New publication by Sinkwan Cheng, EURIAS Fellow 2015-2016
"Confucius, Aristotle, and a New 'Right' to Connect China to the West: What Concepts of 'Self' and 'Right' We Might Have without the Christian Notion of Original Sin?”
Self or No-Self? The Debate about Selflessness and the Sense of Self, Ingolf U. Dalferth & Trevor W. Kimball (eds)
Mohr Siebeck, Tübingen, 2017, pp.269-299.
Abstract
This paper is part of a book project entitled Translations, Concepts of `Right,’ and the Opium Wars: A New Historical Method and a New World History. The book endeavours to find a concept of “right” rooted in both Western and Chinese traditions in order to better connect China to Europe. This I undertake by using Yuan Dehui’s 19th-century Chinese translation of Emer de Vattel’s “right”—often regarded a mistranslation due to the absence in the classical Chinese culture of a concept of an atomistic self that could ground the modern liberal notion of “right” -- to tease out its classical Greek counterpart which is equally incompatible with the modern liberal idea of “right.” More importantly, I use the two classical traditions’ common incompatibility with modern liberal notion of “right” to explore the commonalities between them, and examine how two civilizations apart from each other could nonetheless share a similar idea of “self” giving rise to similar notions of “right.”
It is my argument that Yuan’s translation li (理)which looks like a Confucian misinterpretation of Western notions of “right” turns out to be a return of the repressed—that is, a return of an earlier Western meaning of “right” which has been increasingly repressed since Europe’s capitalistic-imperialistic adventures. By using Yuan’s Confucian rendition of “right” to draw out a pre-Christian, pre-capitalist, and pre-expansionist meaning of “right” in the Western tradition, my goal is to join the East with the West in a “right” that could better harmonize the self with society, right with duty, and negative with positive freedom.
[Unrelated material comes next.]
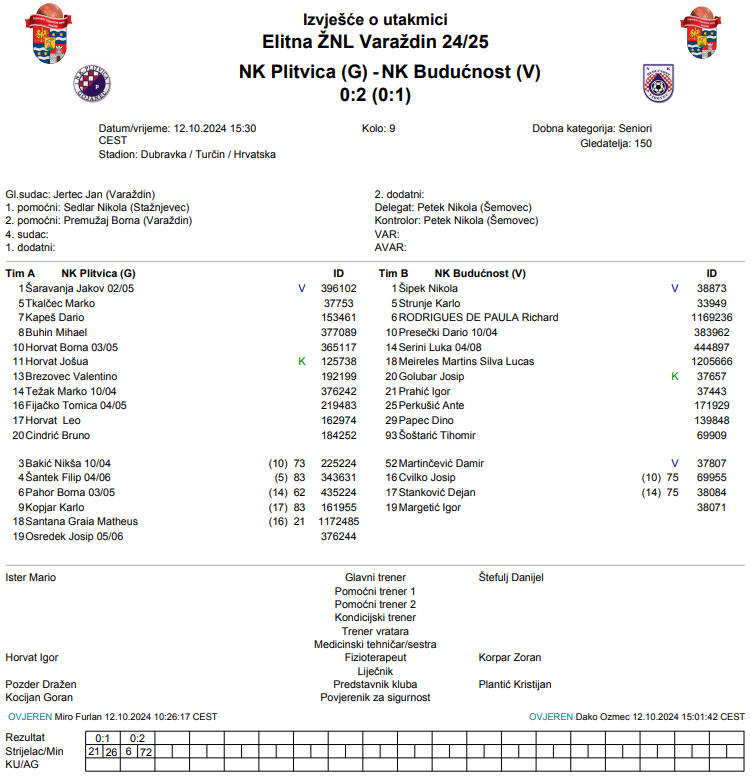 NK Plitvica (G) – NK Budućnost (V) 0:2
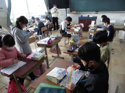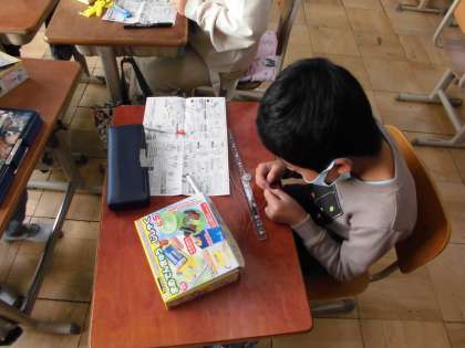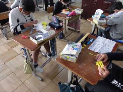 乾電池と豆電球などのつなぎ方と乾電池につないだ物の様子について学習する実験キッドを興味津々に説明書を読み熱心に設置していました。

In addition to breaking new grounds in intellectual content, I also seek to do the same with methodology. I initiate a new kind of adventure in Koselleck’s Begriffsgeschichte method by using synchronic semantic changes effected by translation to interrogate the diachronic semantic changes of “right” in the West. By using the “new” semantics that surface in the Chinese translation of “right” to draw out the “old” semantics of “right” in the West, I effect a defamiliarization of the modern liberal concept of “right” via both its synchronic Other (Confucian “right”) and its diachronic Other (“right” in pre-modern West). In Benjaminian language, my paper uses Chinese translation history to “blast a specific era out of the homogeneous course of history” in the semantic history of “right” in the West. Benjamin disrupts the “homogeneous empty time” of mythical linear history via “a tiger’s leap into the past.” I demonstrate how radical heterogeneity can be introduced by the spatial Other (Chinese translation history) as much as the temporal Other. My method also extends Benjamin by making a tiger’s leap into the Other of the past, and into the past of the Other. By using the Confucian notion of “right” to draw out an earlier notion of “right” in the West, I aim at interrogating modern Western “right” with its temporal Other (Aristotle) via the detour of its cultural Other (Confucius), thus inviting readers to understand the meaning of “right” anew.